By opposing the 2% minimum wealth tax on the 1,800 French people whose net worth exceeds €100 million, after the measure was adopted by France’s Assemblée nationale (lower house of Parliament), the upper house, the Sénat, has shown just how disconnected it is from the issues of our time. This is nothing new. Between 1896 and 1914, the Sénat blocked income tax measures, with arguments as fallacious as those used today. However, let’s reassure ourselves: The funding needs for social and climate challenges, as well as the public debt, are so significant that this opposition will not hold out long when faced with the current economic, political, and environmental realities, which will very soon require far more radical redistributive measures.

Let’s first look at the arguments put forward by the Sénat and President Emmanuel Macron’s supporters. Is this a confiscatory tax? That idea makes little sense. According to Challenges magazine, which is hardly a bastion of left-wing thought, France’s 500 highest fortunes rose from €200 billion to €1.2 trillion between 2010 and 2025 – a 500% increase. With a 2% annual wealth tax, it would take a century to make them go back to their 2010 level. That’s assuming they receive no income in the meantime, which would make little sense, given that these fortunes have grown by 7% to 8% per year over the past 15 years.

Would there be tax exiles? The bill adopted by the Assemblée Nationale already provides for an initial mechanism to address this: Billionaires would continue to be subject to the minimum wealth tax for five years after leaving the country, limiting the appeal of a tax exile. We must go further: If one builds a fortune while relying on the country’s infrastructure, education, and health systems, there is no reason that one should so readily escape the collective obligations that fund these systems. For example, we could decide to apply the tax on the basis of the number of years spent in France. A taxpayer who has lived in Switzerland for one year after spending 50 years in France would continue to pay 50/51sts of tax owed by a French citizen. Those who refuse to pay would be breaking the law, and would face the corresponding penalties (asset seizure, arrest at airports), just like anyone else.

What about the risk of seeing our flagship national companies bought out by foreigners? Once again, this argument does not hold water. France is brimming with savings. If some billionaires cannot pay the 2% tax in cash, they could absolutely pay it in shares, which the state could then sell as it sees fit – for example, to benefit interested employees. This would also be an opportunity to grant French employees the company board voting rights that have applied in Germany or Sweden since the postwar period (in which workers select between one-third and half of all seats on supervisory boards, regardless of capital ownership). These have delivered excellent results in both countries (the most productive ones in the world, per hour worked). Wealth is collective: It depends on the involvement of thousands of employees, not a handful of individual geniuses.

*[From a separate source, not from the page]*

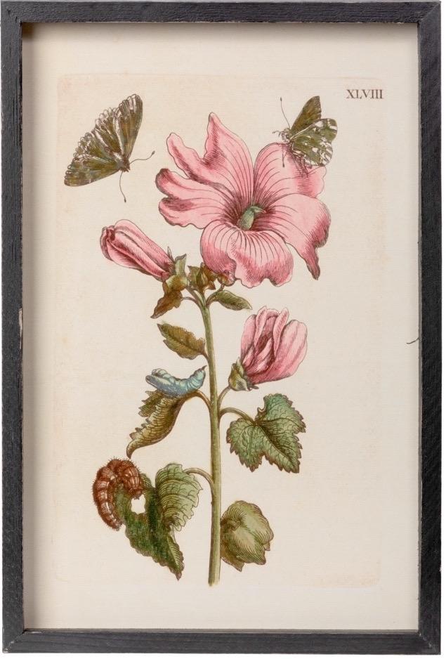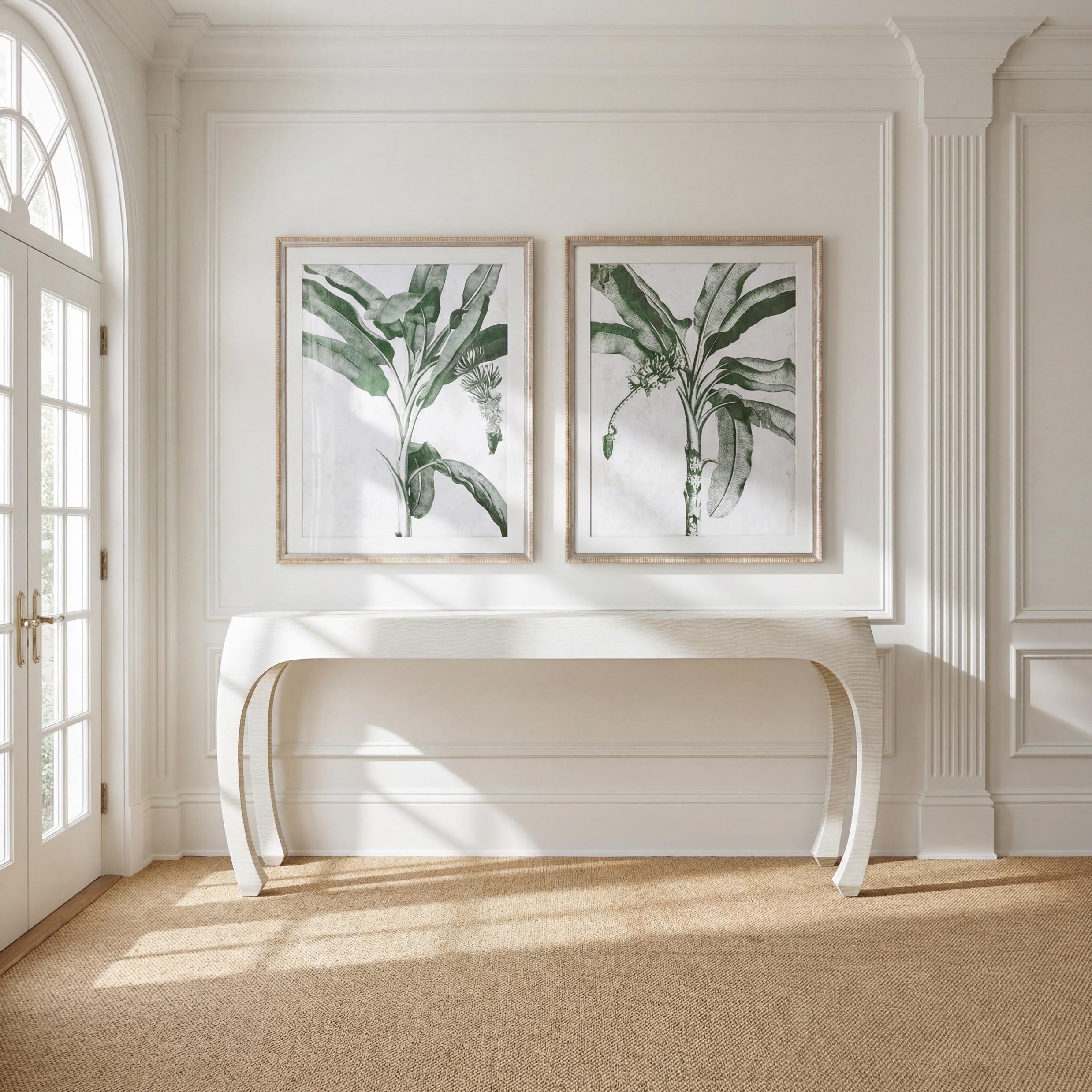 HIBISCUS Above: Great House Hall Mirror, Driftwood: F-010-3-121-002; Hibiscus Hall Chest, Silk Linen: F-156-3-155-12B; Hibiscus Hall Chest, Indigo: F-156-3-155-09B; Hibiscus Hall Chest, Seal Brown: F-156-3-155-96B

Would the minimum wealth tax be unconstitutional? This legal argument comes back around to contradict itself. In reality, it is the fact that the richest individuals escape the common legal taxes that undermines the constitutional principle of equality before taxes, and should have been refused long ago. Ultimately, like all major tax debates since 1789, this is, above all, a political and democratic debate. It must be approached with solid arguments, not by hiding behind pseudo-legal justifications designed to perpetuate blatant injustice.

What is striking is that opponents of the minimum wealth tax totally lack historical perspective. The funding needs linked to decarbonization are enormous, as are those for the health and education systems, all together with the public debt we all know about. It is unrealistic to imagine that the working class and the middle class will calmly accept additional taxes or cuts to public spending. So long as the wealthiest individuals pay taxes that are trivial relative to their net worth, no one will accept the slightest sacrifice. Just as in the decades that came before 1789, the headlong rush into public debt will continue as long as those in power refuse the necessary fiscal revolution.

History also teaches us that a debt of this magnitude cannot be escaped with ordinary measures. During the Revolution, the abolition of the nobility’s tax privileges (the equivalent to the 2% minimum wealth tax) was followed by an even more radical measure: the public appropriation and auctioning off of Church property, which was then about one year of national income, roughly equal to the amount of public debt at the time. The billionaires of 2025 are the equivalent of the Church’s assets in 1789: Their fortunes will have to be made to contribute, to redistribute the wealth to employees and reduce the debt. The €1 trillion increase that the 500 largest fortunes have benefited from since 2010 will eventually have to be taxed at 30%, 40%, 50% or more, just like ordinary taxpayers. Ultimately, multimillionaires, and not just centimillionaires, will have to contribute. This is what was done in postwar Germany with the Lastenausgleich (« burden sharing ») system, which generated the equivalent of 60% of Germany’s GDP in 1952. This is the only way to reduce a public debt of such magnitude, without inflation and without sacrificing future investments.

In 1914, the Sénat finally accepted the income tax, albeit reluctantly, with a marginal rate of only 2% for the highest income levels. Ironically, it was the Bloc National (1919-1924) – one of the most right-wing legislatures in the French Republic’s history – that would raise the tax rate to 60% in 1920, and then to 75% in 1923, under pressure from the left and the trade unions. If the senators opened up their history books a little more often, they might become a little wiser.